Satire and parody include the technique of the juxtaposition of the ridiculous, and exaggeration to ridiculous proportions, for the purpose of shaming horrible behavior. I would not say that modern-day Israelis are acting like Nazis. On the other hand, I don't think it ever hurts to remind people that excessive zeal can lead to atrocity when left unchecked by introspection. As such, I find it an entirely appropriate parody, in that while I do not think the modern-day Israelis have anything in common with the Nazis, parody like that will help make sure they never do.
I also don't think it is ever good to elevate any group to a level beyond accountability because of past persecution.

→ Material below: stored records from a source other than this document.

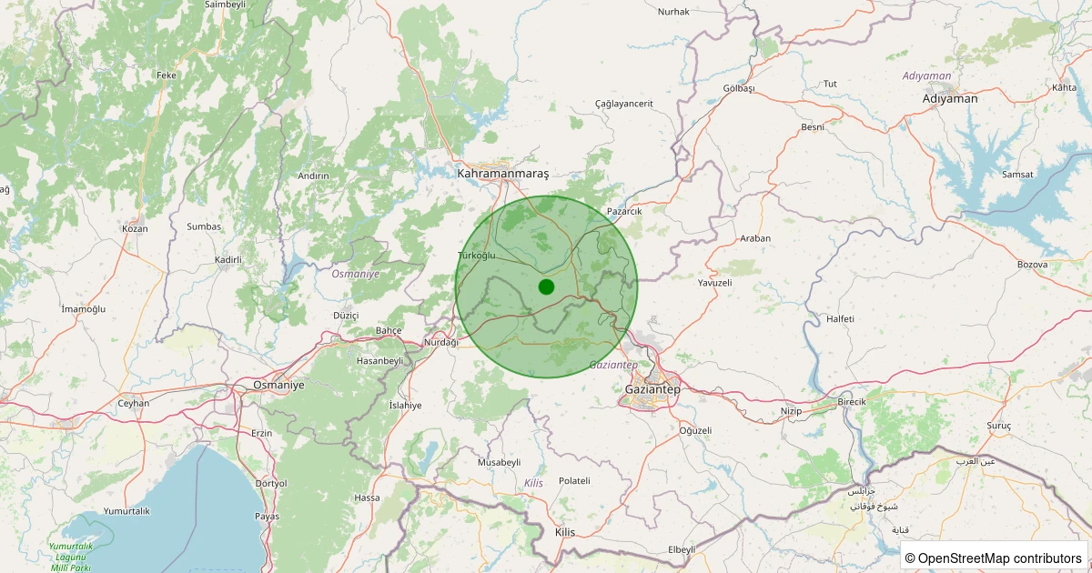 Son 7 gün içinde Pazarcık - Ördekdede noktasından 100 km yarıçap içerisinde meydana gelen diğer depremler: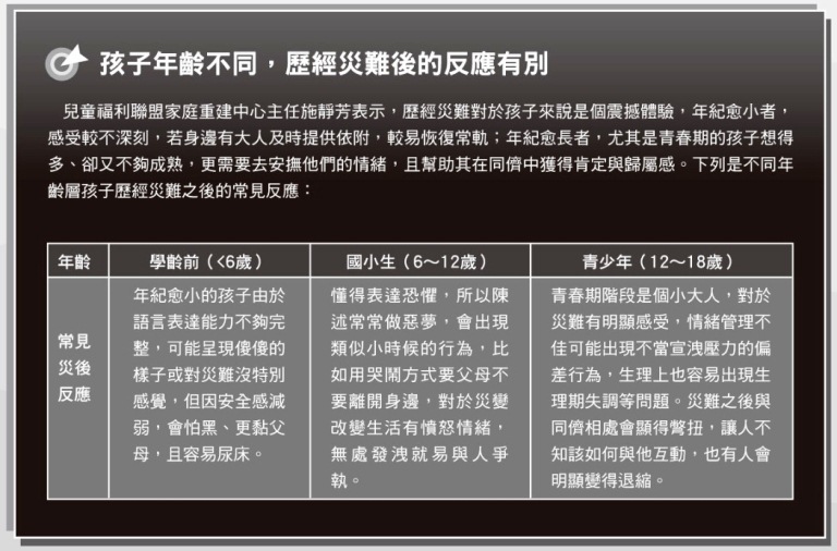 關懷921地震134位未成年失依孩童至今的兒童福利聯盟家庭重建中心主任施靜芳表示,除了襁褓中嬰兒因年紀太小,可能沒有認知到災難,多數歷經災難的孩童都會產生創傷症候反應,比如反應呆滯、容易感覺害怕、出現尿床與吸吮指甲等退化行為、睡不安穩或不願意起床面對,也有不少孩童急著想趕快回學校、找同儕陪伴。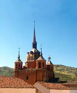 Herrerian buildings stand out for their severe horizontality, achieved thanks to the balance of shapes, preferably cubic, that are arranged symmetrically in the structure. In general, they have wooden roofs clad on the outside with slate and lateral towers, finished off in conical or pyramidal quadrangular spiers finished in points, known as Madrid-style spiers or simply as Madrid spire, which introduce an element of verticality and magnificence, to the time that helps to reinforce the feeling of symmetry.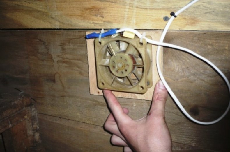 - Nous insérons le ventilateur dans le trou et le fixons de nos propres mains de manière accessible (selon sa conception). À l'aide d'un câble et d'une pince, nous connectons le ventilateur au secteur et à l'interrupteur. Nous apportons l'interrupteur à l'extérieur de la grange et le plaçons dans un endroit qui vous convient. Nous isolons soigneusement les lieux de sertissage des fils.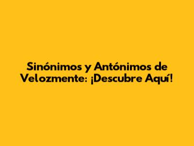 Sinónimos Y Antónimos De Velozmente: ¡Descubre Aquí!

Best scene by far is where Brian is writing "Romans Go Home" on the wall at night and gets caught by John Cleese as the centurion schoolmaster. "And WHAT case is that in?"
"Uh..uh...dative?"
[sword to throat]
I've spent a lot of my time taking language classes, so I thought it was funny :).
Maybe I'm just a bit sensitive these days to the subject, having spent the weekend watching people march down Market Street with signs equating the Star of David to the swastika. Yeah, LoB was in 1973 (I think)... but still. Y'know.
I can't link to a specific reference, but i know i've seen an interview in print where one of the Pythons--i believe it was John Cleese--said that when they began the "Brian" project, they originally intended it to be a piss-take on Christianity, but that when they researched the material (i.e. read the New Teatament) they (paraphrased) "realized we didn't have any problem with what Jesus said," and thus "Brian" became more of a broad satire of the foolishness of fanatics.
erm, that's supposed to read "Testament."
Yes, but it's funnier with the 'a'.
It seemed awfully good satire on the schismatic Palestinian terrorist groups (also "What have the Romans done for us?"). This surprises me, as I assumed Jewish swastikas more accurately reflect their views on the Mideast.